Omit all pictures. Quote only the lines from the one with "Snack: 2.0 oz." through the end of the material below.

* **RAW DATA**
┌──
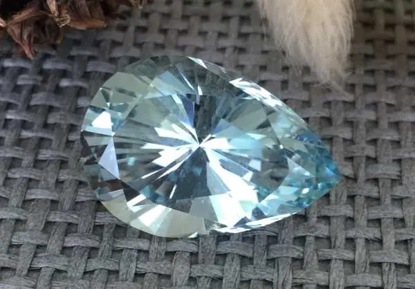 Красивый благородный драгоценный камень аквамарин в изящной форме огранки "груша". Это крупный представитель ювелирного волынского берилла, который сегодня считается уже коллекционным. Он имеет массу 17 карат и нежный светлый голубой цвет. Отметим первоклассную полировку камня, и искрящуюся игру света на гранях. Драгоценный голубой аквамарин будто создан для элегантной подвески - кулона в классическом стиле.
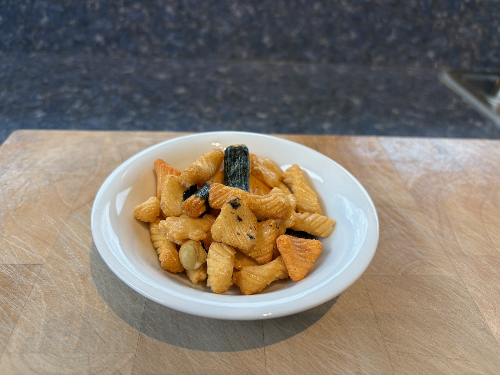 Snack: 2.0 oz. Japanese rice crackers. (1.0 oz. pictured.)
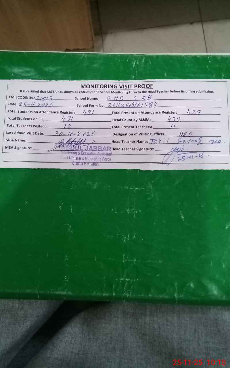 | EMIS Code: 39220013 | Name of School: GHS 1-EB | |||
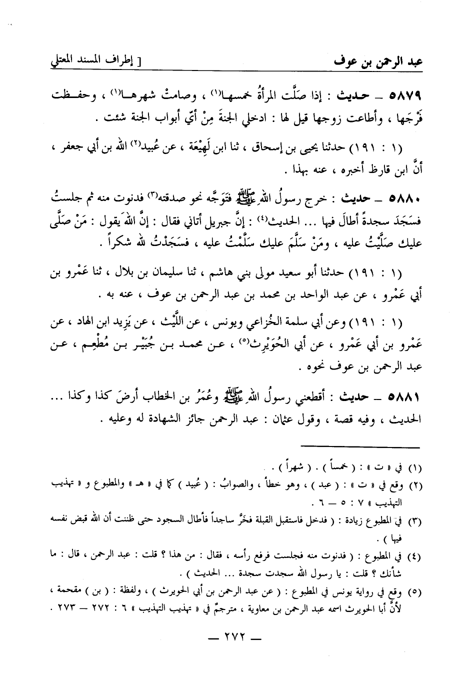 5880 - حديث خرج رسول الله صَلَّى اللَّهُ عَلَيْهِ وَسَلَّمَ فتوجه نحو صدقته فدنوت منه ثم جلست فسجد سجدة أطال فيها ... الحديث. إن جبريل أتاني فقال إن الله يقول من صلى عليك صليت عليه ومن سلم عليك سلمت عليه، فسجدت لله شكرا (1: 191) حدثنا أبو سعيد مولى بني هاشم، ثنا سليمان بن بلال، ثنا عمرو بن أبي عمرو، عن عبد الواحد بن محمد بن عبد الرحمن بن عوف عنه به. (1: 191) وعن أبي سلمة الخزاعي ويونس، عن الليث، عن يزيد بن الهاد، عن عمرو بن أبي عمرو، عن أبي الحويرث، عن محمد بن جبير بن مطعم، عن عبد الرحمن بن عوف نحوه.
└──
* **SOLUTION FOR THIS TASK**
 Snack: 2.0 oz. Japanese rice crackers. (1.0 oz. pictured.)
 | EMIS Code: 39220013 | Name of School: GHS 1-EB | |||
 5880 - حديث خرج رسول الله صَلَّى اللَّهُ عَلَيْهِ وَسَلَّمَ فتوجه نحو صدقته فدنوت منه ثم جلست فسجد سجدة أطال فيها ... الحديث. إن جبريل أتاني فقال إن الله يقول من صلى عليك صليت عليه ومن سلم عليك سلمت عليه، فسجدت لله شكرا (1: 191) حدثنا أبو سعيد مولى بني هاشم، ثنا سليمان بن بلال، ثنا عمرو بن أبي عمرو، عن عبد الواحد بن محمد بن عبد الرحمن بن عوف عنه به. (1: 191) وعن أبي سلمة الخزاعي ويونس، عن الليث، عن يزيد بن الهاد، عن عمرو بن أبي عمرو، عن أبي الحويرث، عن محمد بن جبير بن مطعم، عن عبد الرحمن بن عوف نحوه.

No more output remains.